Facilitating technology transfer can narrow the trade gap between developed and developing economies, enhancing growth prospects for LDCs. It also pressures WTO members to modernise IP and export‑control regimes, reshaping global trade rules.
The upcoming WTO ministerial has become a platform for India to spotlight the structural impediments that keep developing economies on the periphery of high‑tech trade. By framing technology transfer as a trade‑facilitating tool, New Delhi is linking climate‑friendly innovation with market access, arguing that without semiconductor chips, rare‑earth minerals and other critical inputs, LDCs cannot participate in emerging value chains. This narrative reframes the debate from pure intellectual‑property protection to a broader development agenda, urging richer members to share not just patents but practical know‑how and deployment strategies.

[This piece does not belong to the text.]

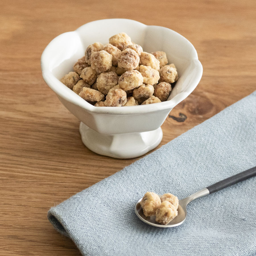 フライパンで軽くから煎りしてから糖衣がけにすることで、カリッとおいしいお茶請けになります。シナモンパウダーはお好みで調整してください。

India’s draft declaration zeroes in on three policy levers: easing export controls, unlocking TRIPS flexibilities, and creating a transparent catalogue of regional technology needs. Export restrictions on chips and rare‑earths have tightened supply chains, inflating costs for manufacturers in Africa and South Asia. Meanwhile, the current TRIPS framework offers limited pathways for compulsory licensing or technology‑sharing agreements, leaving many LDCs dependent on costly imports. By proposing a detailed examination of these provisions, India seeks to embed technology transfer into the WTO’s legal architecture, potentially setting precedents for future negotiations on digital trade and green technologies.

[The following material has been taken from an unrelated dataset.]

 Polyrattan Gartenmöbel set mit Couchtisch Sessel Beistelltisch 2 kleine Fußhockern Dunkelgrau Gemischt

If the ministerial adopts India’s roadmap, the ripple effects could be profound. A time‑bound schedule for technology‑transfer initiatives would compel member states to allocate resources, streamline capacity‑building programs, and coordinate funding mechanisms. For developing nations, this could translate into faster adoption of clean‑energy solutions, enhanced agricultural productivity, and stronger participation in global supply chains. Ultimately, the move signals a shift toward a more inclusive trade system where access to critical technology becomes a shared responsibility rather than a competitive advantage.